No. It's really not. You haven't proven that it is, you have only claimed it. My view is that regardless of the case-specific particulars of any specific instance, secession itself is simply an expression of self-determination and completely in line with the long Western tradition regarding both both ethics and law, going - as I pointed out - all the way back to Saint Augustine. My backing for that claim is that entire tradition. Your claim is that secession is treason. Your backing for that has thus far been... the fact that you say so.
My backing for their committing treason is the U.S. Constitution's definition of treason.
Do observe that there are at least two main arguments going on here, which you seemingly conflate.

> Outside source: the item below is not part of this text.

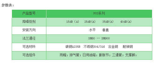 產(chǎn)品選型:PGS系列以進(jìn)排氣口直徑標(biāo)示尺寸,最小為80MM,每個尺寸等級為25MM的整數(shù)倍。例如,需要住宅級消聲器,法蘭接口尺寸為DN200,消聲器型號為:PGS25-200。

-- First, there is the matter of whether secession itself is an act of treason (I contend it isn't, and I can back that up by a wide array of precedents going back centuries). This is a general point, and thus does not refer to laws. It is an ethical question. This is actually the most interesting one, at least for me, and the most fundamental one. It's also the one where you have not even attempted to back up your claims with any kind of support.
-- Second, there is the question whether the secession of the Southern states was legally treason. Your arguments in favour of that claim have thus far been lacking.
Note that even if you did prove the second one (which I don't think you can), I'll still just refer to the first one. That is: if any law outlaws secession, I hold that it's an unethical law. The very existence of such a law is a sound ethical reason to secede at once from the regime that has implemented it. In itself, a law forbidding secession justifies secession.
You do that. It will not change the fact that Lee and his fellow waged war on the United States, committed treason by doing so, and did so without any sort of legal process other than an appeal to the force of arms.